I don't know how they did it or who they actually were, but the woman entering the casino wasn't the person she pretended to be. That is, it wasn't her. I couldn't go to the authorities on the imposter, because when I say what I knew out loud, it certainly doesn't make sense and I generally disliked sounding like a madman. I wanted to find out three things.
One, where the woman I'd been hired to find actually is or what happened to her. Two, the identity of the imposter walking into the casino, and three, how they'd made such a near-flawless copy of the missing woman. An almost perfect double.
If I found out who "they" were, all the better.
This whole mysterious affair began months earlier, when I'd been contracted on an interesting missing person's case. Although not a licensed private investigator, I'd been recommended as someone who gets the job done and someone who is used to dealing with "extra-normal" situations similar to this. Some might even say, "paranormal". With no other job prospects on the horizon, combined with a huge retainer, I took the case.

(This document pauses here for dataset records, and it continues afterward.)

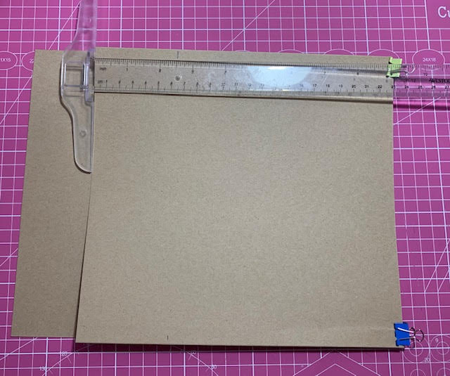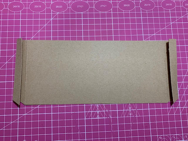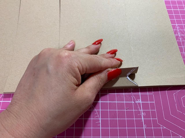 חותכים בעזרת סרגל וסכין חיתוך את הלשונית שנוצרה ומדביקים על הכיס התחתון תוך שמשאירים מטינג (מסגרת של "1/8).
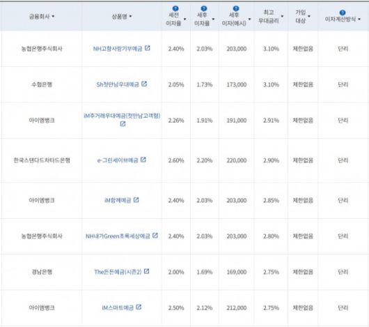 금감원은 “금융회사의 상품별 이자율 등 거래조건이 수시로 변경돼 지연 공시될 수 있으므로 거래 전 반드시 해당 금융회사에 문의해야 한다”고 밝혔다.
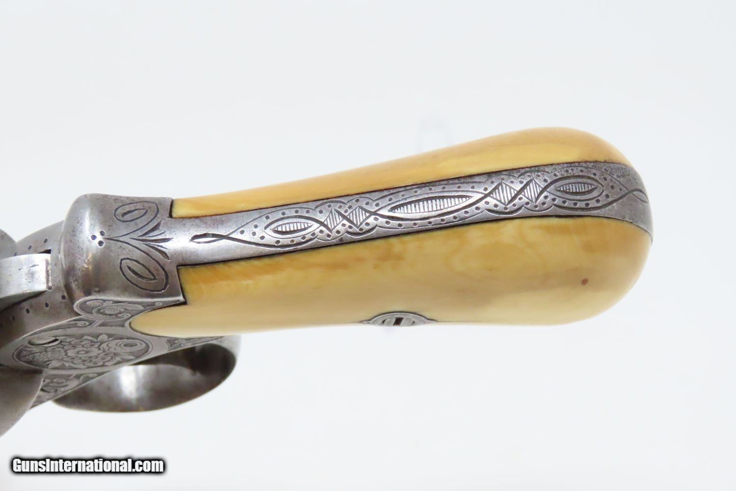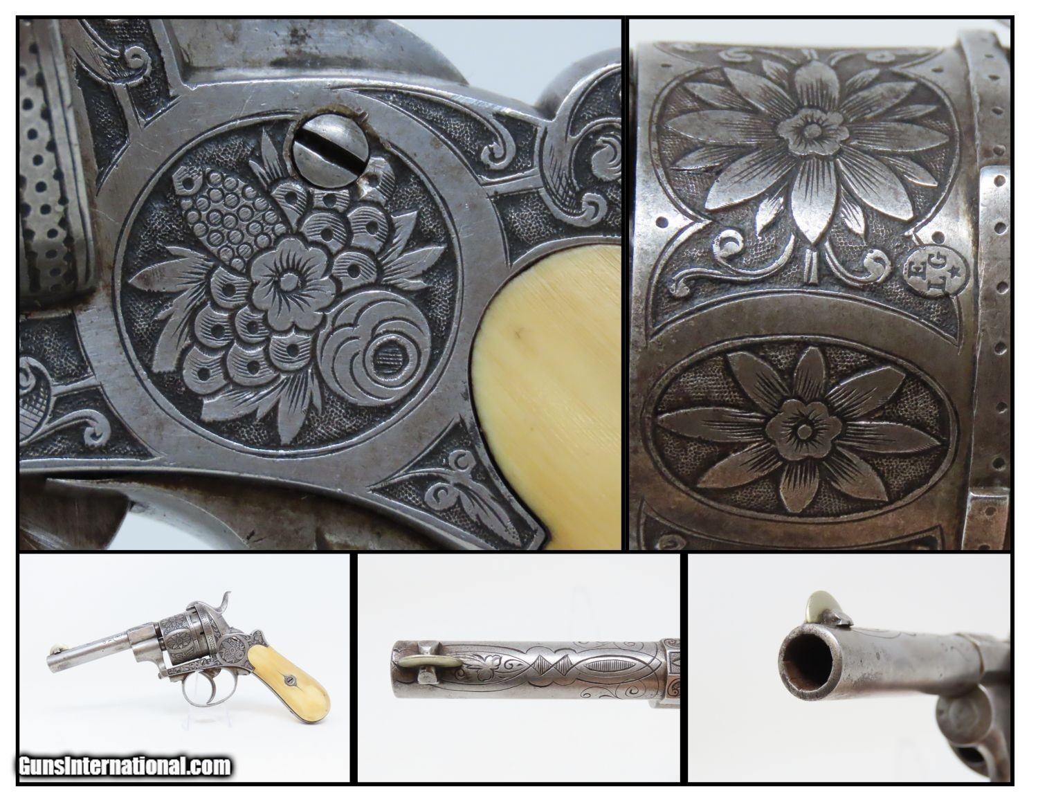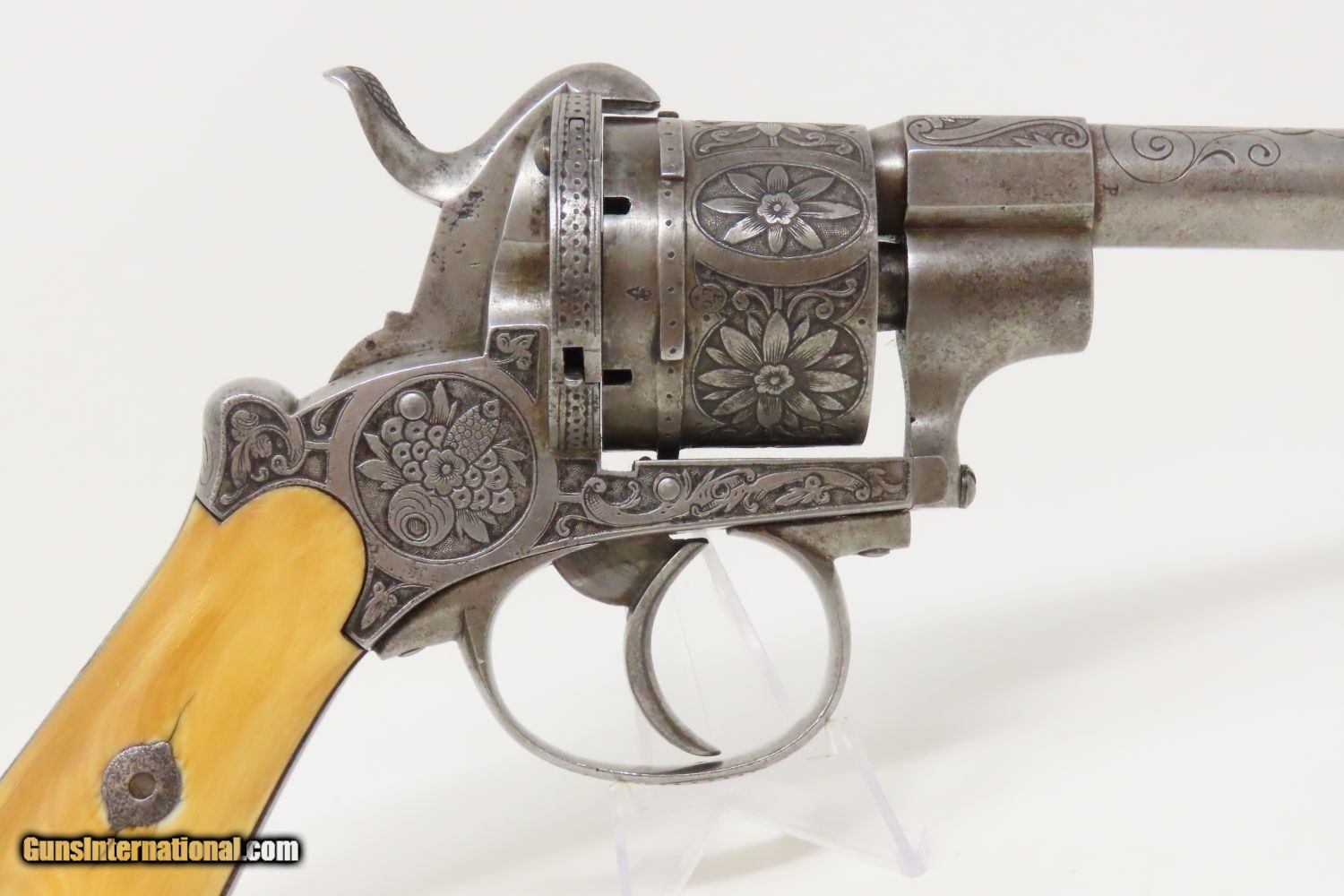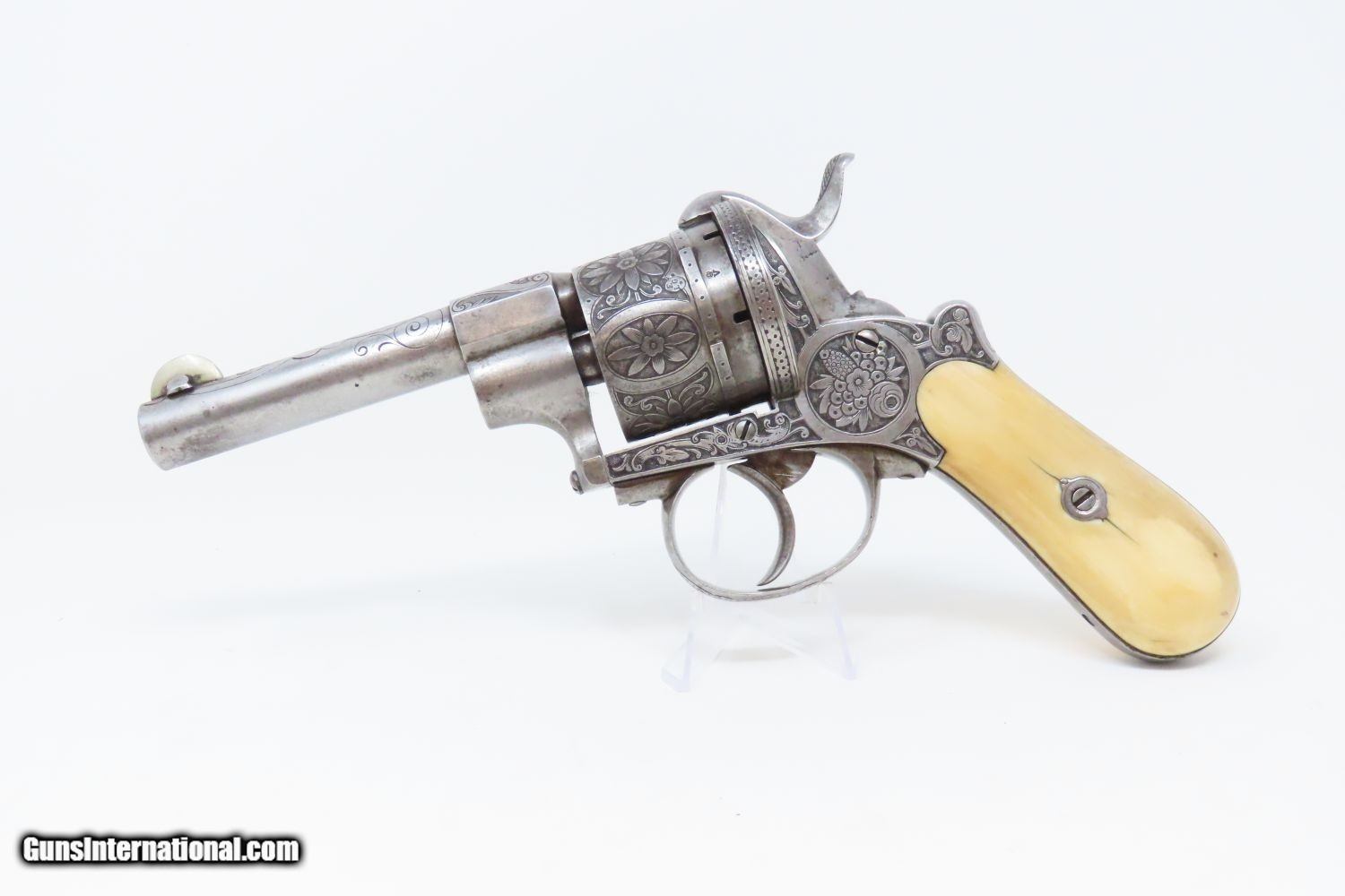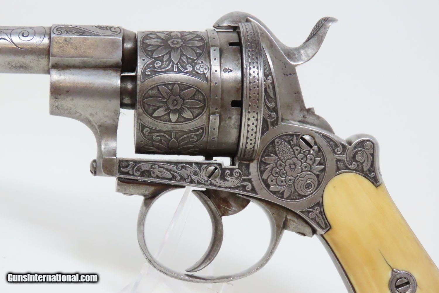 ENGRAVED, IVORY GRIPPED European Antique PINFIRE REVOLVER Double Action Liege Proofed Mid-19th European Sidearm

Plus, the whole thing intrigued me.
May Rogerson, a married schoolteacher, visited this exact casino and although she'd never gambled before in her life, won several million dollars in a single night, a feat almost unheard of, before returning to her modest home. Immediately upon her return, her husband noticed distinct changes in her demeanor and especially so when she divorced him within the month.
Mister Rogerson had initially gone to the police with stories about how his wife wasn't really his wife. Fingerprints and DNA tests confirmed his wife was indeed his wife, but Mister Rogerson still wasn't convinced. The lawyers and the authorities chalked it up to her winning the large sum of money and then changing her attitude about life. She wasn't the first married person to strike it rich and split on their spouse after all.
Everything about May Rogerson appeared exactly the same from the day before she became a millionaire to the day after except her attitude and mannerisms. After the divorce, and when Mister Rogerson hired me, he disclosed one change he'd noticed in his wife he hadn't shared with anyone else. The reason he knew the woman couldn't be his wife.
Her tattoo had vanished.
Mister Rogerson swore when his wife left for the casino, May Rogerson had a small, heart-shaped tattoo in a location no one could see, even if she wore a bathing suit, and one no one knew about the tattoo except her husband. Upon her return from the casino, apart from her debts, money problems and previous mannerisms disappearing, so had her tattoo.
Hence, the request for me to take the case.
It didn't take much digging to uncover similar stories concerning this same casino and people who had won big. The rumors claimed regular people, the only common denominator I could determine being all of them appeared young and attractive, would strike it rich extremely quickly, immediately divorce their spouse and live a completely new life.
Naturally, the stories of overnight millionaires did wonders for the casino's business as everyone wanted to strike it rich.
I'd knew May Rogerson still had limited contact with her husband, so I lied and told him a few days ago how I had discovered what happened to his wife and I discovered the true name of the imposter who replaced his wife. Of course, I had no idea, but, as I hoped, word of my discovery had reached May though her husband, and now she had returned to the casino which had changed her life.
Or, as I referred to it, "the scene of the crime".
Following the well-dressed, female millionaire through the casino as she walked directly towards a door at the rear of the casino marked AUTHORIZED PERSONS ONLY, I watched as she pushed a four-digit code into the keypad on the side of the door. The door clicked and she went inside. After waiting a few seconds, I went to the door and entered the same code as her, thankful she hadn't blocked the keypad with her body to prevent me from seeing the code. The door clicked, I pushed it open and followed May Rogerson's imposter into the unknown.